Search while you type isn't a new concept, it has been around for years but, it doesn't really work for users. Predictive text on the other hand does work for users, it's really simple and extremely fast. Google's new Instant search results combine predictive analysis with instant results and a new scroll to search feature that automatically suggests predicted queries to users all in real time. These predictions are based on years of data and billions of previous searches but, Google's results are the same. What makes Instant search radically different, is speed and most of all the feedback it gives users.

For example, Instant search provides users with feedback about misspellings and provides suggested spellings for queries before users even search. This is no accident, Google knows users intend to spell queries correctly and has been working behind the scenes on spelling improvements for some time. Improvements like these have been integrated in and rolled out with Google Instant. Instant feedback about misspellings is great for users but, may come as a shock to webmasters focused on tricking users with misspellings as their SEO strategy. Google Instant is no threat to ethical, white hat SEO efforts or unique quality content that users value. Bottom line, users "aren’t going to fundamentally change what they’re looking for."

In addition to improved spelling, Google has also recently improved how they handle proper nouns. Better handling of proper nouns helps Google extract more information, especially about named entities. Proper nouns and named entities often share a common trait, they're capitalized. Google already has entity related patents and recently acquired MetaWeb a company that specializes in this field. Mapping multiple named entities to one "thing", increases data captured about each entity as well as the whole. Improved understanding of named entities, improves data about potentially vital pages and increase the quality of results even in the absence of relevant keywords. All of these help Google Instant entice users to explore more of the space around their query. Combining better spelling with better quality and better targeted results, decreases the percentage of "unique queries". These unique queries are difficult to monetize and often result in a poor experience.
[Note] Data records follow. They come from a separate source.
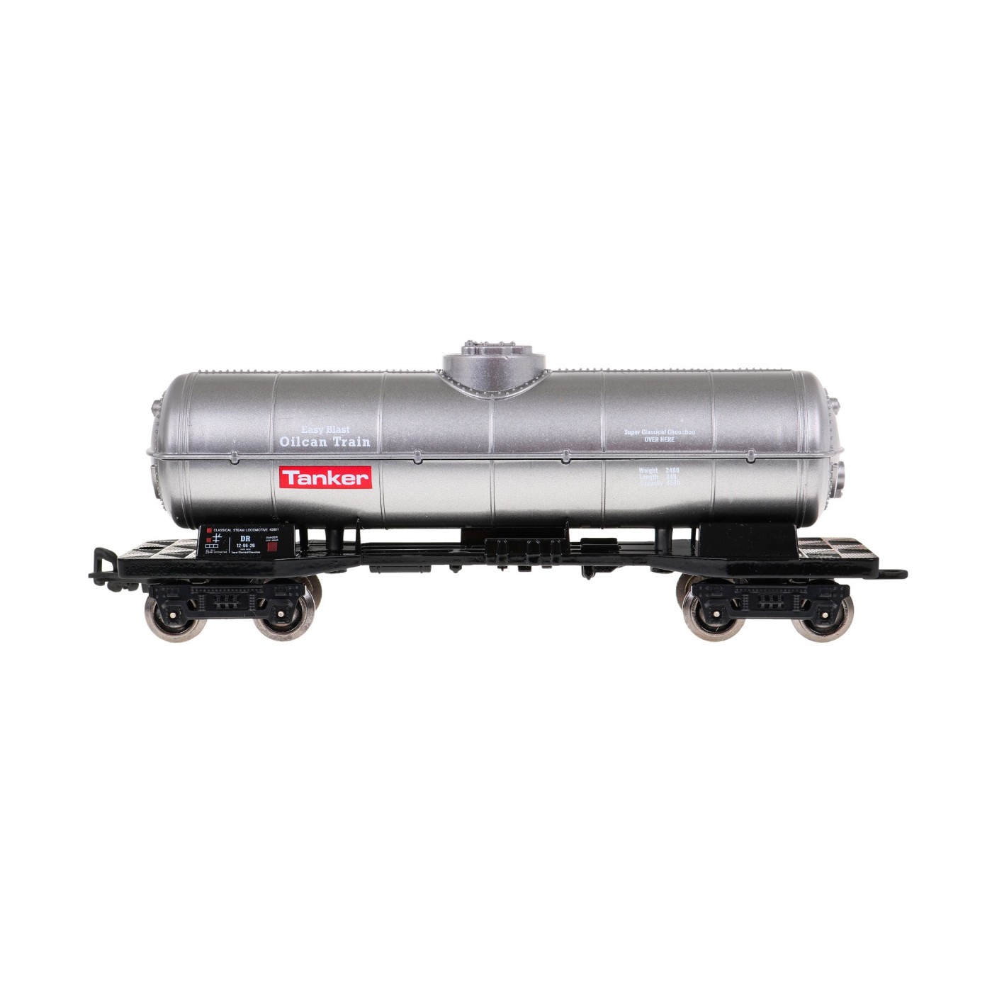 | | - lokomotywa, - 3 wagony towarowe, - wagon cysterna, - części składowe toru, - pipetka na wodę. |
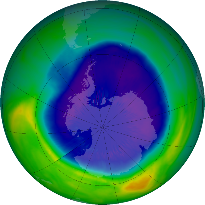 NASA image and graph by Robert Simmon, based on data from Ozone Hole Watch.
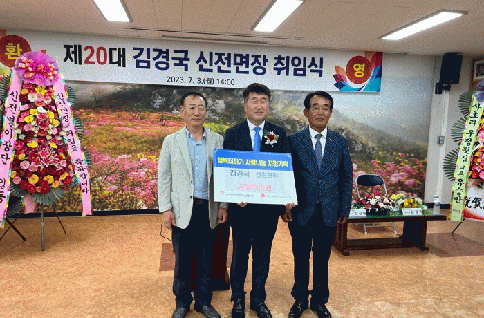 김 면장은 지난 3일, 제20대 신전면장 취임식의 자리에서 신전면 지역사회보장협의체가 추진하는 ‘행복더하기 사랑나눔 지정기탁 후원금 모금운동’에 동참하며 1백만 원을 기탁했다.
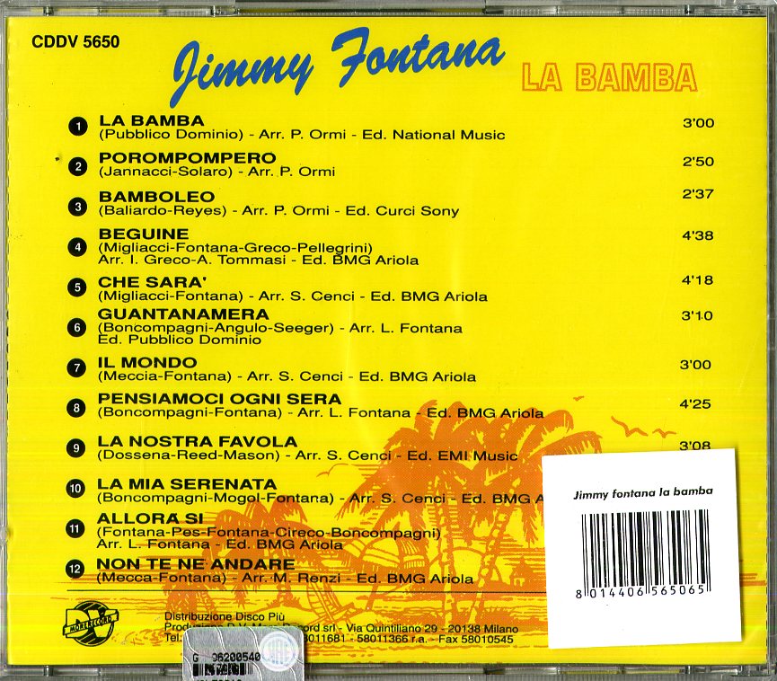 Il tuo cd di / your cd of : Fontana Jimmy - La Bamba Cd 8014406565065 sarà spedito e consegnato in 24/48h in Italia 48/72 in Europa / will be shipped and delivered in 24 / 48h in Italy 48/72 in Europe

The day before Google launched Instant search, CEO Eric Schmidt said, "Never underestimate the importance of fast!" When it comes to speed, Google Instant makes other sites, including Yahoo and Bing seem much slower by comparison. Google Instant is so fast in fact, it increases the perceived latency of other sites. This factor could help increase Google's market share especially, if dedicated users start leaving other engines for Google. Increased focused on site performance is no doubt more critical than ever before.

A few other notes, Instant has Google's improved triggering for realtime queries and that could tie directly into their "Social Layer" scheduled for release in Q4 2010. You'll find Google Squared technology in Instant results for queries like [inventor of airplane]. You may notice, the scroll to search feature actually pushes results down the page and the footer search box is no more. It's possible that Google Instant's GUI emphasizes images, video and highly positioned AdWords ads (colored background) more, because they flash in and out of view in certain cases.

What does the near future hold for SEO, PPC and analytics? In coming months expect to see, more data missing from analytics and fragmented with Google Webmaster Tools and/or other sources. It's quite possible Google Instant thwarts automated queries on some levels and for that reason, ranking reporting software may be even more inaccurate. AdWords impression data will be less accurate for testing and virtually worthless in terms of historical comparison.